- Your task: A word-for-word copy of the lines below, starting at the line with "Las seis formaciones" and ending at the last one, is what you should give. Omit every picture.

- Recorded data:
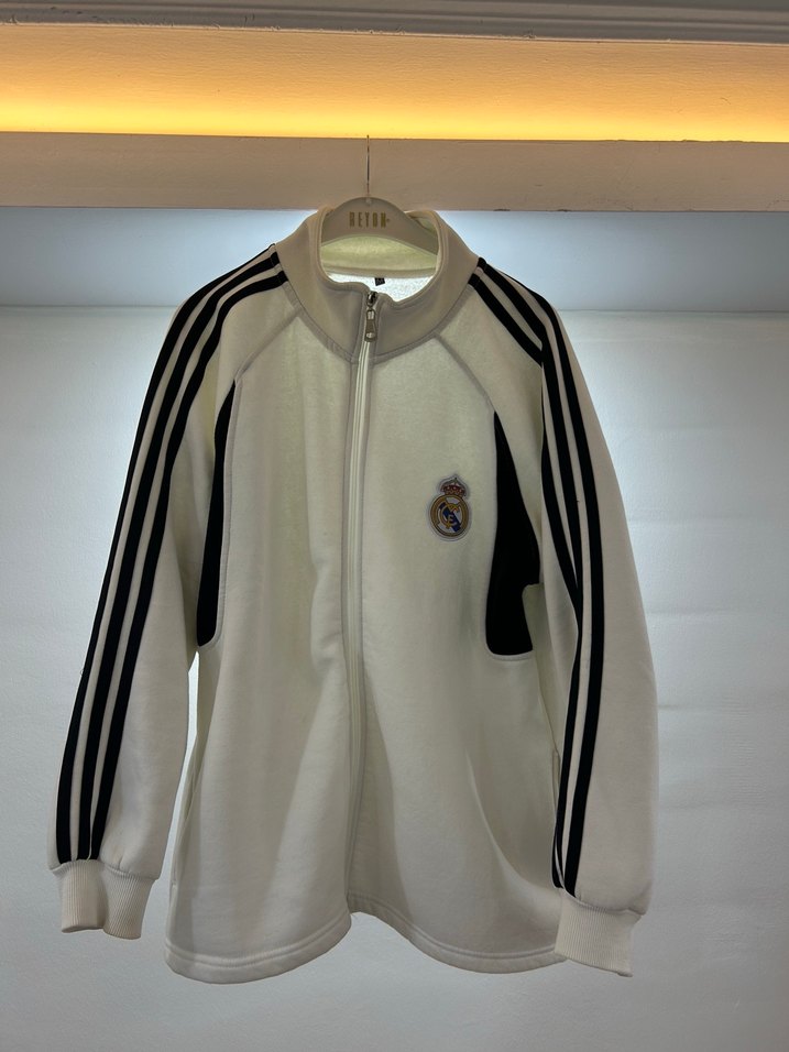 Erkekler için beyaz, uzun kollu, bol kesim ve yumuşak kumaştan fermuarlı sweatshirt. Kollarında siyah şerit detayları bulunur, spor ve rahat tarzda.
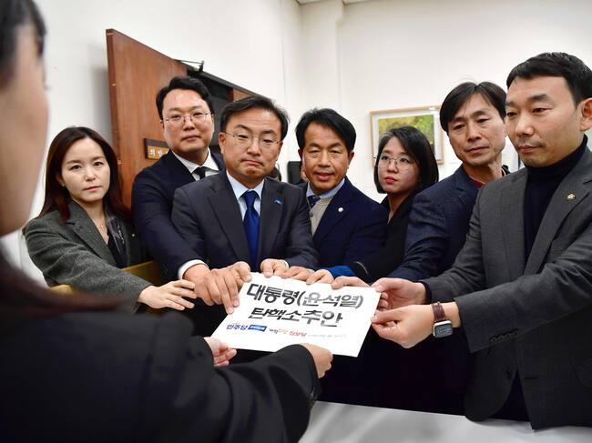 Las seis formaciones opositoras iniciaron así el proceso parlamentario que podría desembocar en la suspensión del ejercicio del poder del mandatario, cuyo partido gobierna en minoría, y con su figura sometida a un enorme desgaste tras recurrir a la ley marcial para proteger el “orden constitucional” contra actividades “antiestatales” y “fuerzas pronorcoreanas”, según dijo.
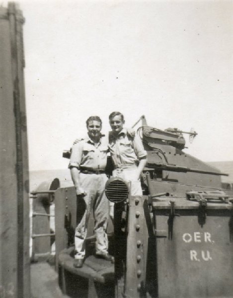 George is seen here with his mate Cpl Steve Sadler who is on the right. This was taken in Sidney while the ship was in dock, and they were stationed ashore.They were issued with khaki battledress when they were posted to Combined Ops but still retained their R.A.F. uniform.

- Task output:
 Las seis formaciones opositoras iniciaron así el proceso parlamentario que podría desembocar en la suspensión del ejercicio del poder del mandatario, cuyo partido gobierna en minoría, y con su figura sometida a un enorme desgaste tras recurrir a la ley marcial para proteger el “orden constitucional” contra actividades “antiestatales” y “fuerzas pronorcoreanas”, según dijo.
 George is seen here with his mate Cpl Steve Sadler who is on the right. This was taken in Sidney while the ship was in dock, and they were stationed ashore.They were issued with khaki battledress when they were posted to Combined Ops but still retained their R.A.F. uniform.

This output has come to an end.